Madame,
Vous pourrez voir avec une pointe d’agacement qu’ayant assisté un gouvernement étranger dans une crise délicate et complexe, je risque pourtant quelques suggestions sur les moyens d’améliorer le fonctionnement de celui que vous présidez pour quelques mois encore.
On blâme nos institutions pour les faiblesses que vous montrez à un électorat irrité: désunion, visions à courte vue, incapacité d’anticiper, seraient autant de vicissitudes d’un système qu’il faudrait réformer. On se trompe, car les institutions sont adéquates. On blâme aussi les personnes, qui n’auraient ni les talents, ni les audaces de leurs homologues d’autres pays. On a tort, car la partitocratie au pouvoir étant ce qu’elle est, elle ne peut guère sécréter d’autres dirigeants et il y a quelque inconséquence à reprocher aux élus d’en être le produit.
La Suisse est une des rares démocraties dont aucun dirigeant politique ne reçoit l’adoubement du suffrage universel. Son gouvernement est issu d’une simple entente parlementaire. Il n’a donc pas de légitimité populaire proprement dite, mais la Constitution prévoit qu’il ne peut tomber au gré d’un caprice de majorité ou d’un vote perdu devant le peuple.
Nous avons un régime de coalition: quatre partis cohabitent et «gouvernent» malgré leurs divergences, souvent profondes. Etre élu au Conseil fédéral, c’est donc recueillir sur son nom les suffrages de plusieurs groupes, mais rien ne force les élus socialistes à voter pour le candidat UDC ou inversement. Et les prudents apparatchiks aux commandes du système de présenter en général des candidats consensuels, des gens qui n’ont pas d’ennemis déclarés, dont les opinions ne heurtent pas «ceux d’en face». Hélas, souplesse d’échine, absence d’originalité, conformisme et gentillesse sont gages de civilité et d’harmonie, mais rarement traits de caractère utiles lorsque le temps se gâte. Les exemples sont légion: du grincheux comptable Otto Stich, préféré à la brillante Lilian Uchtenhagen, en passant par Christiane Brunner, carbonisée pour son caractère peu amène ou, bien sûr, Christoph Blocher, débarqué pour crime «d’autoritarisme», jusqu’au délicieux Joseph Deiss, triomphalement élu, lui, pour son bilinguisme, son amabilité et sa modestie justifiée.
Le calvaire de Pascal Couchepin m’a marqué lui aussi: voici un homme fort intelligent, un vrai animal politique qui, pour être élu, dut pendant dix ans jouer au brave type, sans jamais rien dire de conflictuel sur quoi que ce fût, au gré d’innombrables choucroutes et autres Berner Platte à Steffisbourg, Winterthour, Coire ou Sarnen. Moins prudent, son concurrent Claude Frey proféra des propos à l’emportepièce à l’égard d’un banquier et perdit à jamais ses chances d’être désigné.
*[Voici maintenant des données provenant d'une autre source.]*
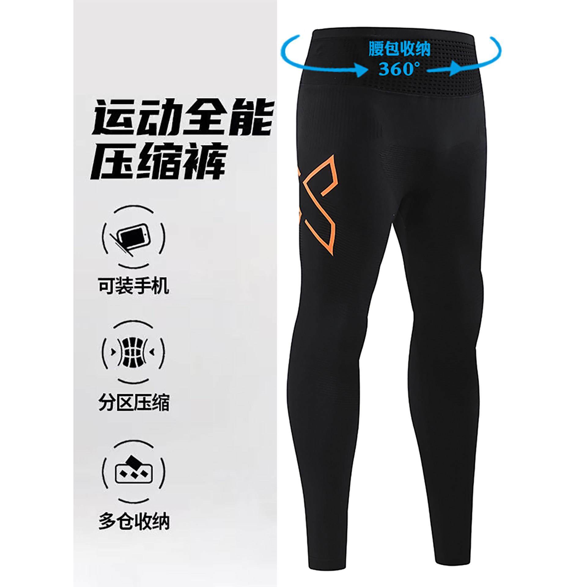 橙义家跑步压缩长裤男女款运动户外休闲健身训练紧身口袋可放手机
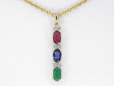 Gouden hanger met multicolour edelstenen en diamant
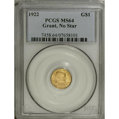 <B>1922 G$1 Grant no Star MS64 PCGS.</B></I> A splendid sun-gold representative of this low mintage commemorative issue. Nicely struck, and extended inspection beneath a loupe is required to find even insignificant contact. The same designs were used for a 1922 commemorative half dollar that also had Star and No Star varieties.<BR><BR><b>Shipping:</b> Coin/Currency (<a target="_blank" href="http://www.heritageauctions.com/common/shipping.php">view shipping information</a>)

Churchill n’aurait jamais été élu au Conseil fédéral suisse. Or il vaut mieux des dirigeants aux idées claires et à la colonne vertébrale visible, quitte à ce qu’ils aient très mauvais caractère. Il faut par un contrat qu’on s’engage à élire sans ambages les candidats des autres partis et qu’on s’y tienne strictement. C’est le seul moyen qu’émergent les gens ambitieux, énergiques et – oui – autoritaires, qui tailleront en pièces leurs rivaux à l’intérieur des partis, sachant que l’élection par le parlement suivra. Tant qu’un président de parti risque de voir «son» candidat blackboulé par les autres, il favorisera les béni-ouioui. Un vrai Conseil fédéral aurait par exemple mis Peter Bodenmann, Christoph Blocher, Gaby Huber, Ursula Wyss, Christophe Darbellay - et quelques autres carnassiers de la même trempe - aux prises les uns avec les autres, car en vérité, les forts sont plus aptes aux concessions qu’implique la vie d’un gouvernement de coalition qu’un quarteron de passe-muraille sans envergure.
On vous dit capable d’audace. Essayez donc cette idée toute simple. Elle vaudra mieux que cinq années de commissions d’experts et de consultations pour une «réforme» du gouvernement qui, comme les précédentes, n’aboutira à rien.